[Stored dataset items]
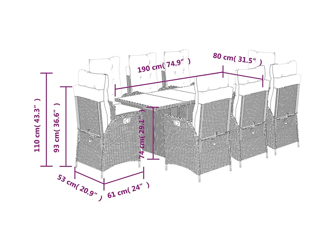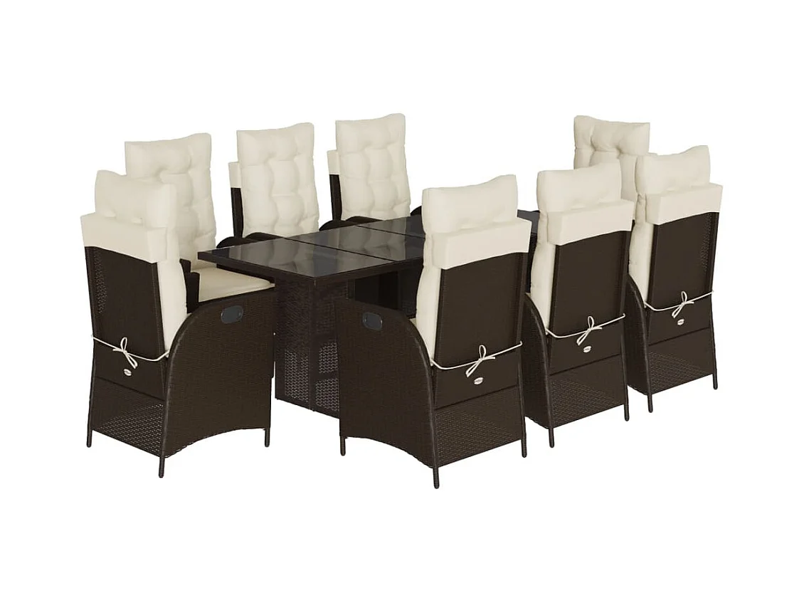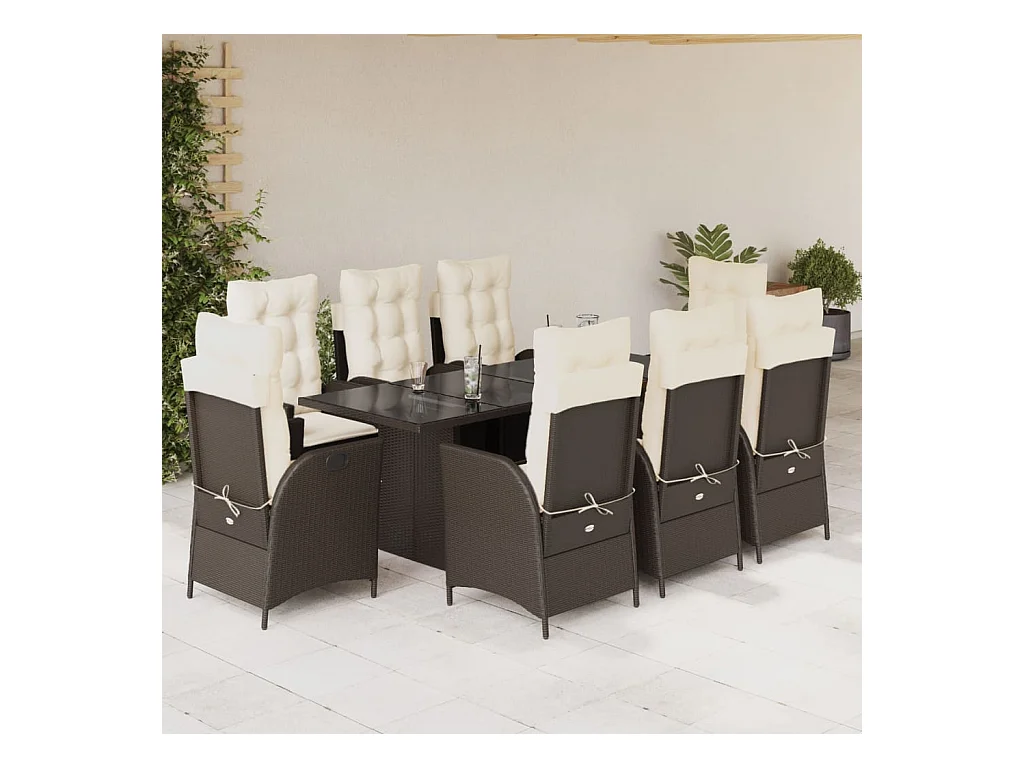 Ensemble à manger de jardin et coussins 9 pcs marron poly rotin
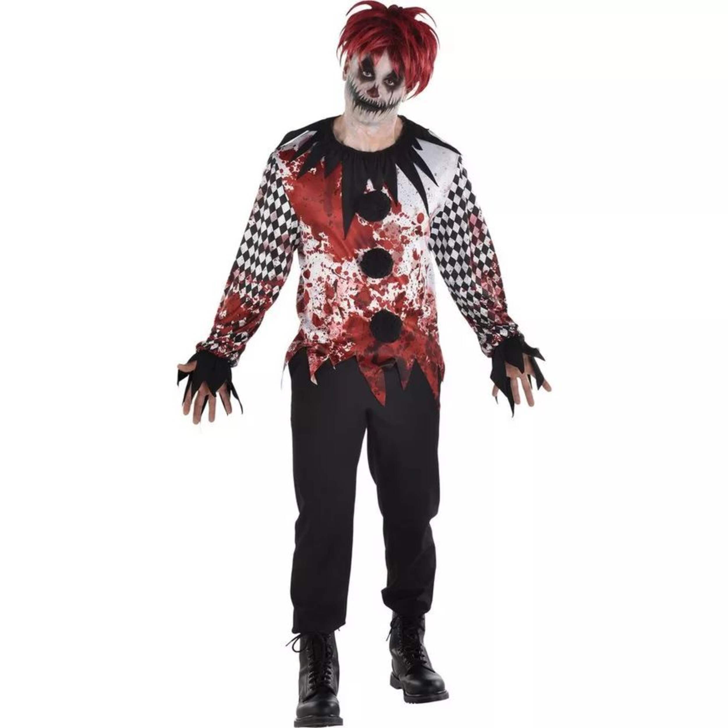 Black puff balls and blood splatters make this spooky shirt the perfect addition to your clown look
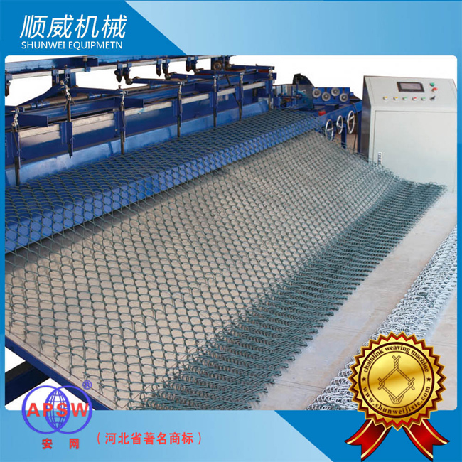 順威勾花網機可編織絲徑1.4毫米至4.5毫米,網孔25毫米至100毫米的鍍鋅勾花網、包塑勾花網,生產效率每小時80至100平方米。廣泛應用于邊坡防護、礦山支護、交通圍欄、環境保護、運動場建設等領域。
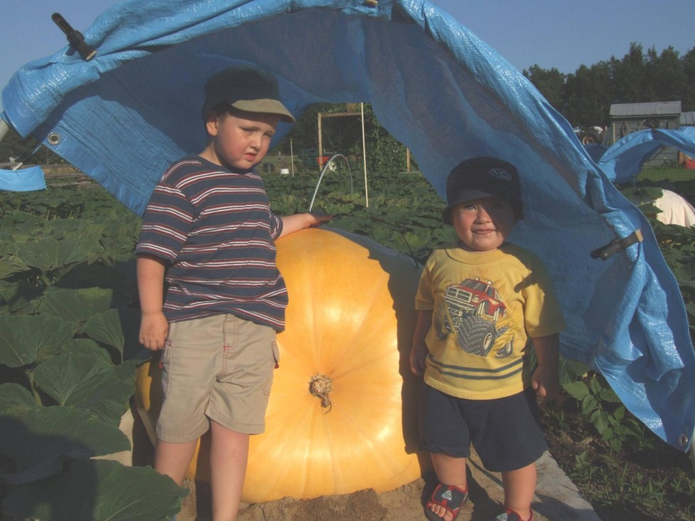 Noah and Josh McGill were anxious to pose with the big pumpkin.
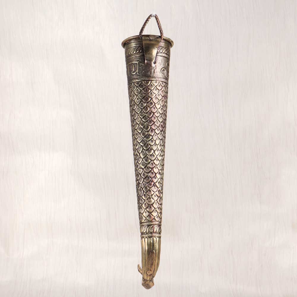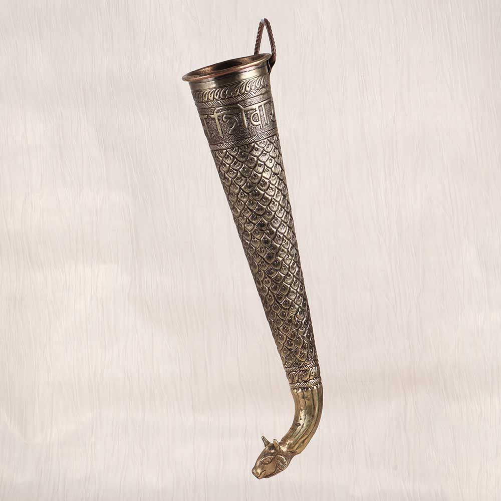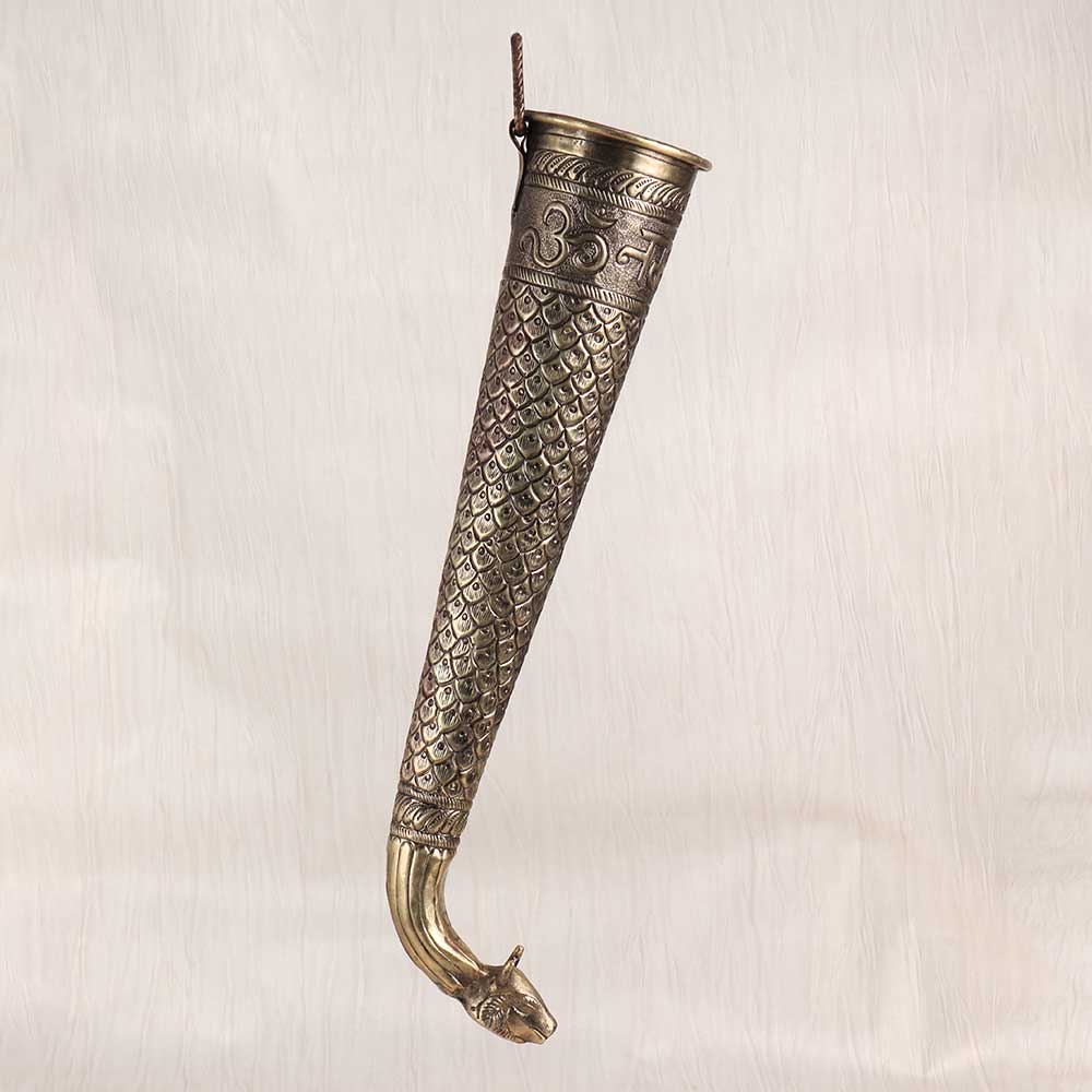 Embrace centuries of Hindu tradition with this handcrafted vintage brass Nandi head pipe. This detailed Nandi head comes alive with textures that reflect generations of ceremonial use. This Nandi head spout allows you to recreate historic Hindu ceremonies that honor Lord Shiva. Or display it as an accent piece that invokes divinity through artistic detail and cultural spirit. However, you use it, this vintage Nandi head pipe connects you to timeless tradition and infuses spaces with sacred ambiance.
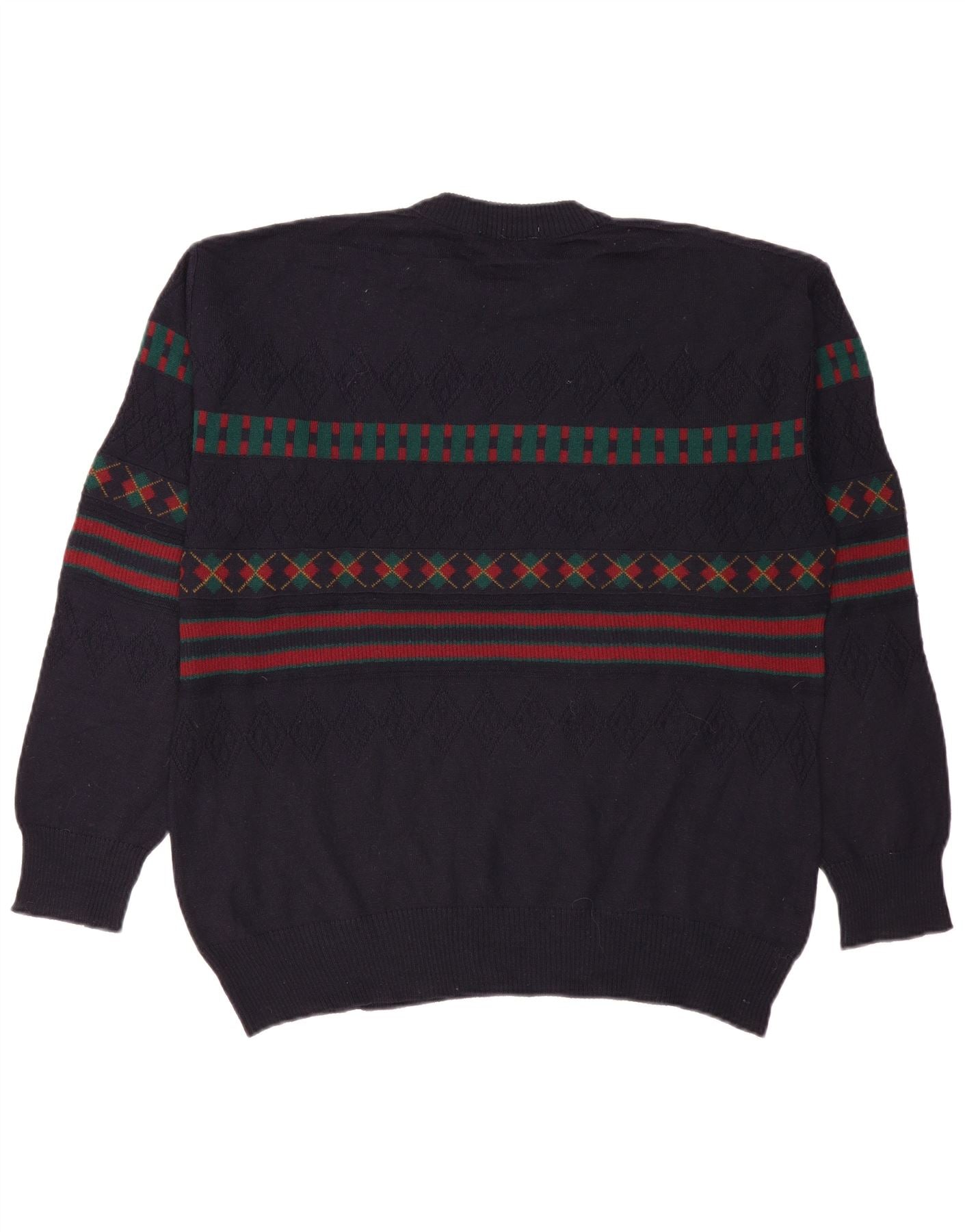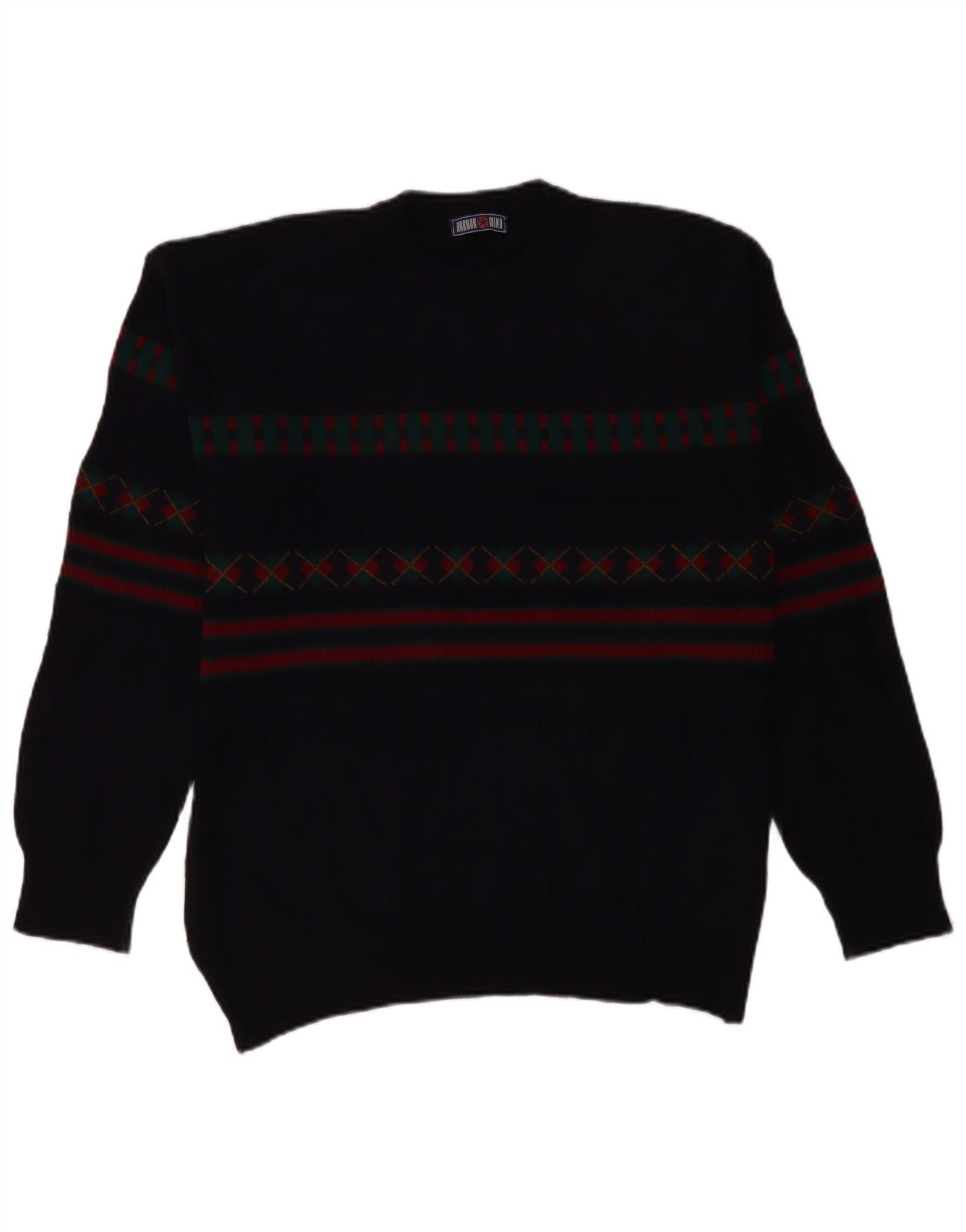 Maglione maglione collo alto da uomo VINTAGE IT 50 grande blu navy geometrico
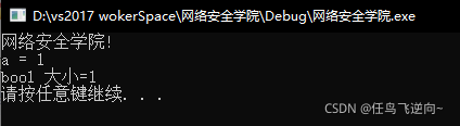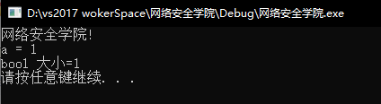 {bool a = 123;printf("a = %d\n",a);printf("bool 大小=%d\n",sizeof(bool));system("pause");//暂停的意思 以免控制台消失
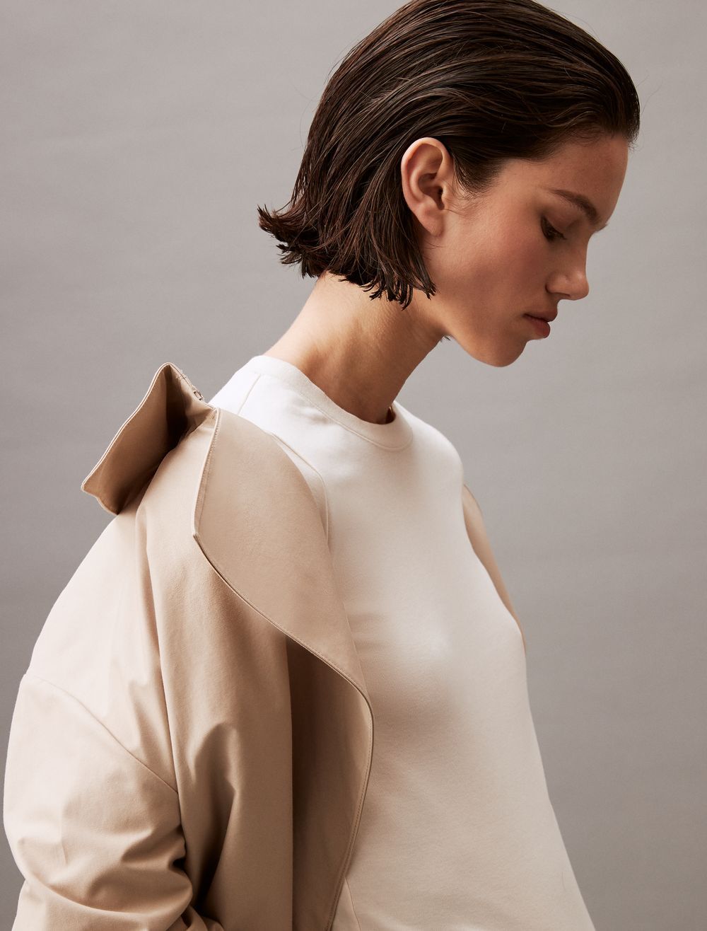 - Short sleeves + crewneck
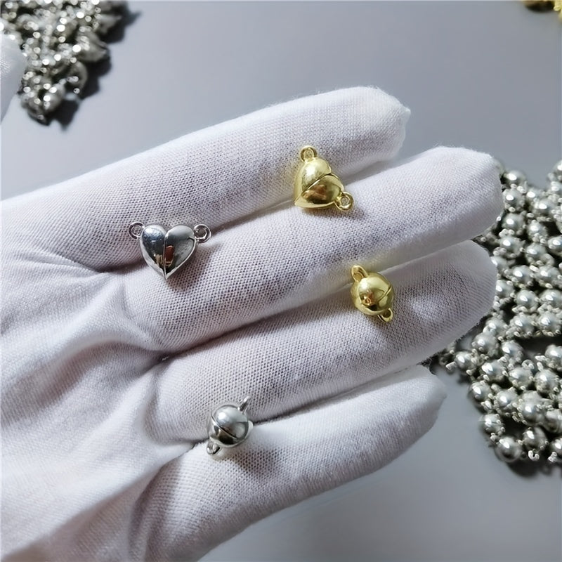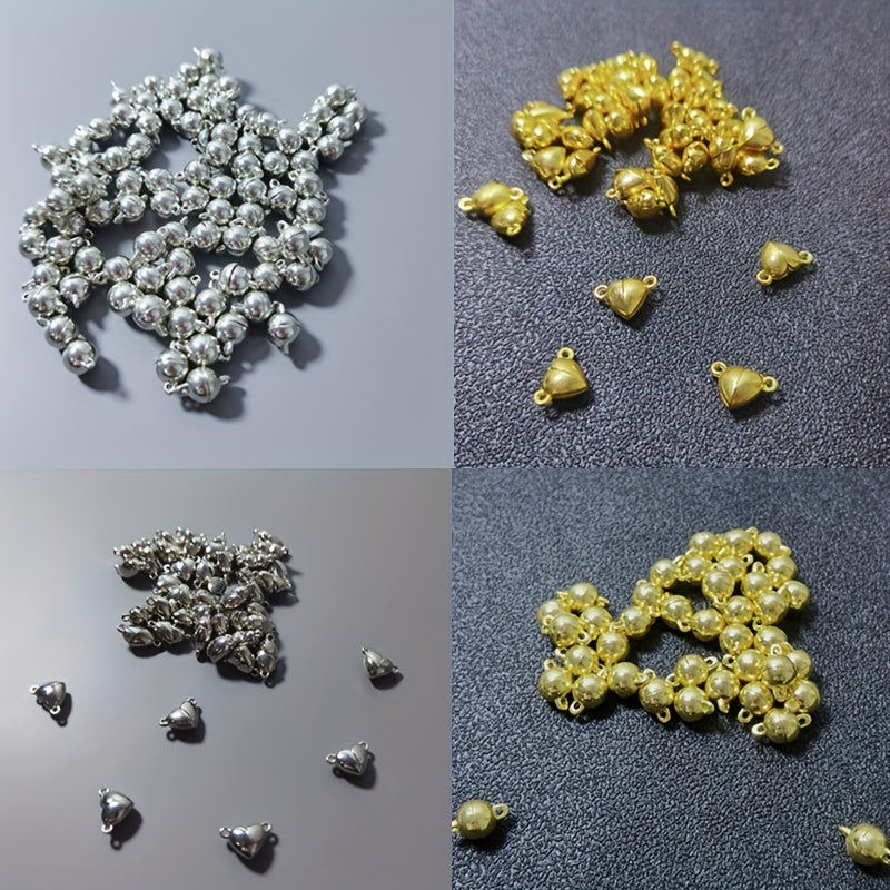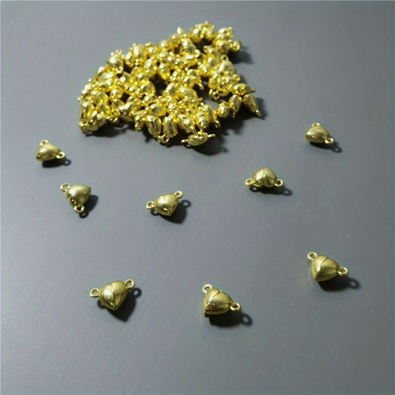 This set includes 10pcs of golden and silver heart-shaped magnet buckle pendants for DIY jewelry making. Craft beautiful accessories with these high-quality materials.

* **WHAT IS EXPECTED**: Look above for the line with "Black puff balls" and the line with "Noah and Josh". Give again exactly those two lines and all lines between them, pictures excluded.

* **SOLUTION**:
 Black puff balls and blood splatters make this spooky shirt the perfect addition to your clown look
 順威勾花網機可編織絲徑1.4毫米至4.5毫米,網孔25毫米至100毫米的鍍鋅勾花網、包塑勾花網,生產效率每小時80至100平方米。廣泛應用于邊坡防護、礦山支護、交通圍欄、環境保護、運動場建設等領域。
 Noah and Josh McGill were anxious to pose with the big pumpkin.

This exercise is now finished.